February 07, 1994|By Knight-Ridder Newspapers

PALO ALTO, Calif. -- Palo Alto has become the first city in the nation to set up shop on the Internet, opening its electronic doors to computer users all over the world and inviting them in to take a look around.

For now, computer users who wander into the "City of Palo Alto Demonstration WWW Server," as the city's connection is called, will find basic information such as train schedules, City Hall directories and maps to all the local restaurants and coffee shops.

But the possibilities are staggering. Ultimately, the city can put its library catalogs, building codes and public records on Internet. Ideally, residents will be able to apply for permits and even pay for parking tickets through their computers.

The connection was set up as a six-month trial demonstration project by the Digital Equipment Corp., which has several research and development facilities in downtown Palo Alto. Digital developed a program for putting the city on-line for free in hopes of later marketing the product to other cities.

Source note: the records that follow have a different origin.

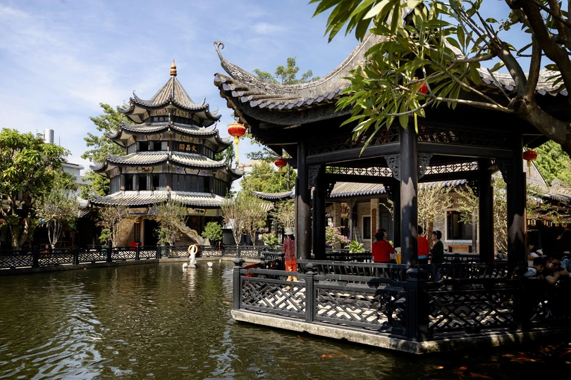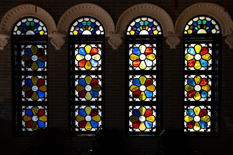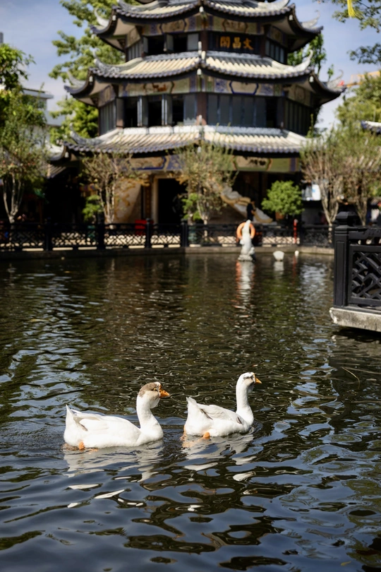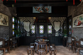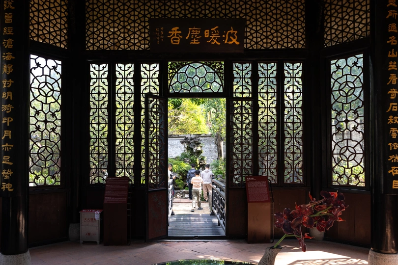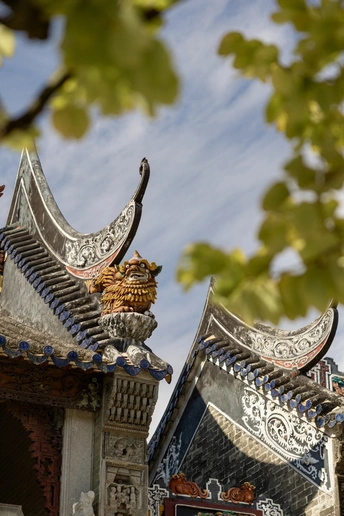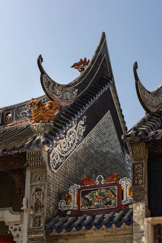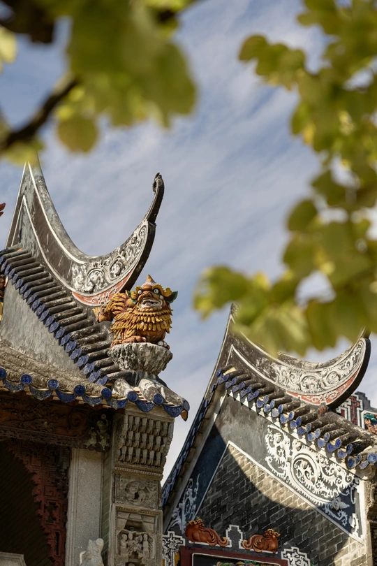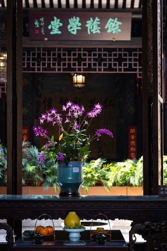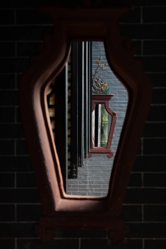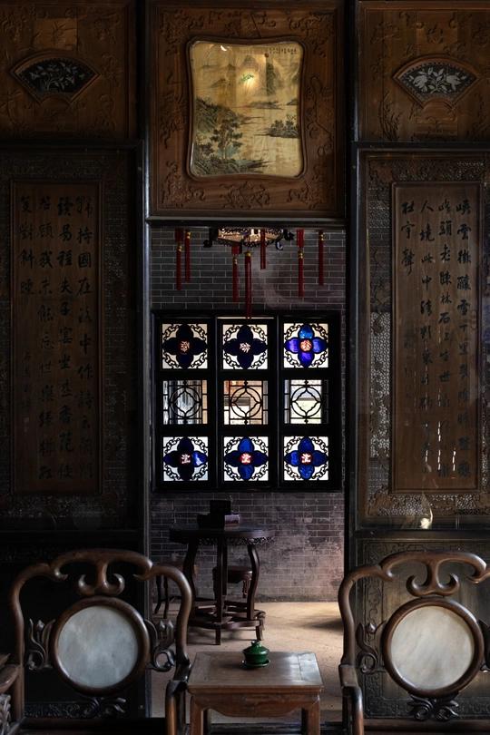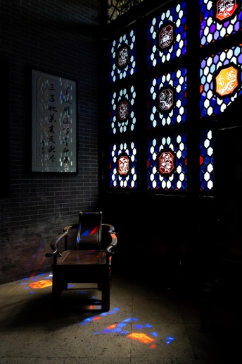 余荫山房,岭南园林的精巧在此完美呈现。飞檐翘角间,是精美的灰塑与木雕,细腻又灵动;彩色玻璃窗把阳光剪成斑斓的花,像是发光的画;亭台楼阁、家具器物…一步一景都透着古典与雅致。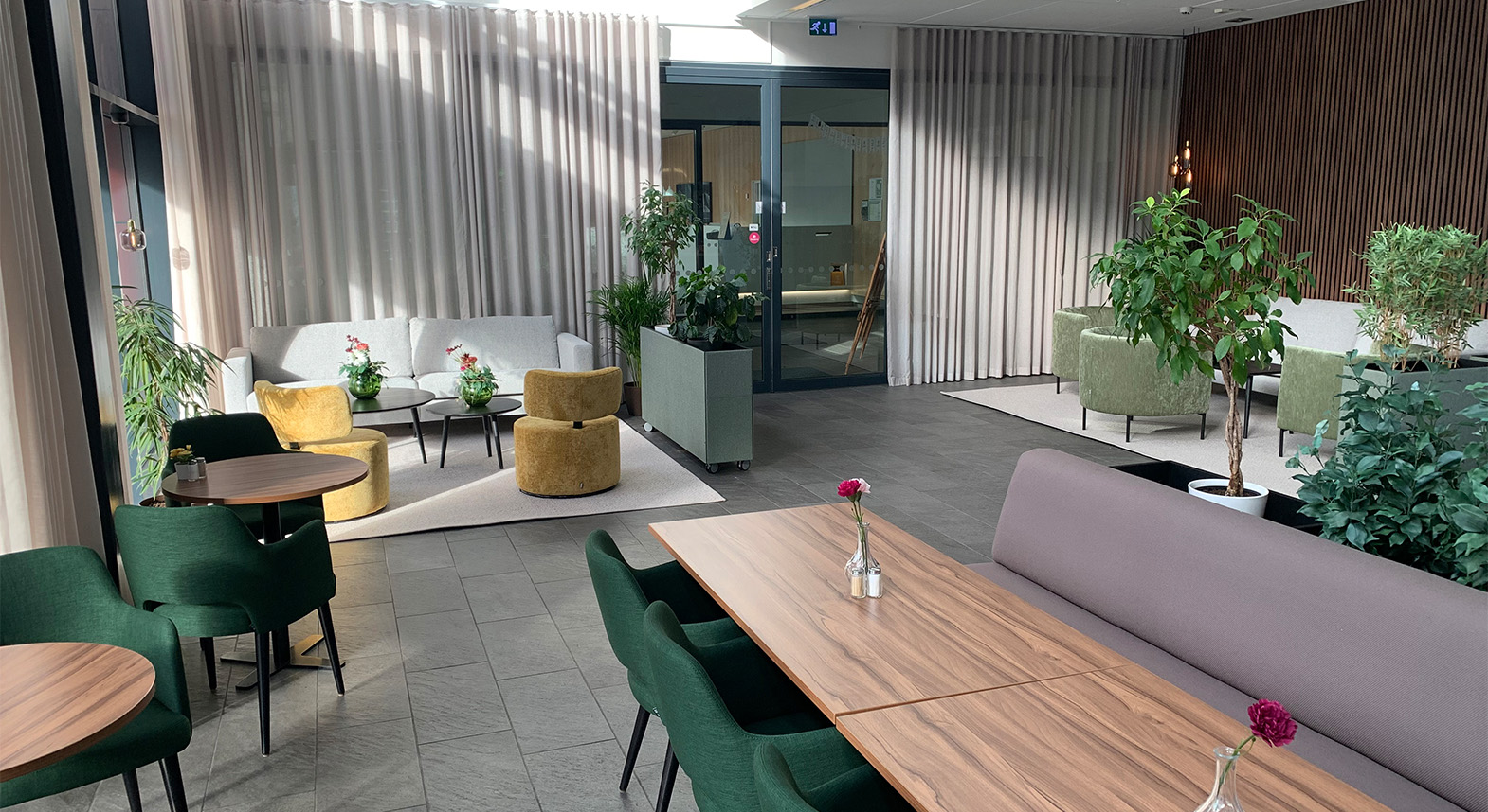 Festlokalen används ofta av företag och olika sällskap som bokar in frukostbufféer, luncher och kvällsevent. All mat lagas på plats och kan även hämtas färdigpackad.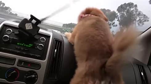 主人也够坏的 汽车雨刮器把狗狗逼疯了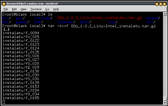 - OOo-ren (OpenOffice.org era laburrean idatzia) kopia egin ondoren hau deskonprimitu behar da. Horretarako tar agindua erabiliz (Oharra: hor ageri den ls aginduak direktorio bateko edukia zerrendatzen du):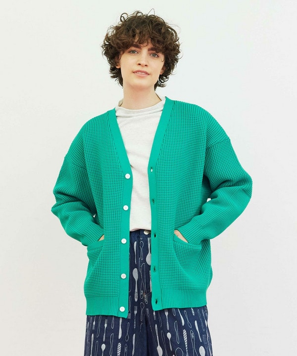 シンプルなデザインのロンTを、2月発売の鮮やかなカラーのカーディガンと合わせました。

Digital and city officials were euphoric last Thursday about getting the city on-line, an effort that took just six weeks.

"[It] truly opens possibilities and potential we haven't even imagined yet," said Mayor Liz Kniss. When she was named mayor just last month, Ms. Kniss said getting the city on the information superhighway was one of her top priorities.

Texas was the first state government to get onto Internet, but Digital officials say Palo Alto is the first city to be connected. The city has been on-line all week, but officials didn't announce its electronic arrival until Thursday.

Having the city on Internet means that anyone who has access to the global computer network -- through work, school or a personal account -- can tap into a body of information that will grow as data is added during the trial period. Only 6 percent of households nationwide have access to Internet.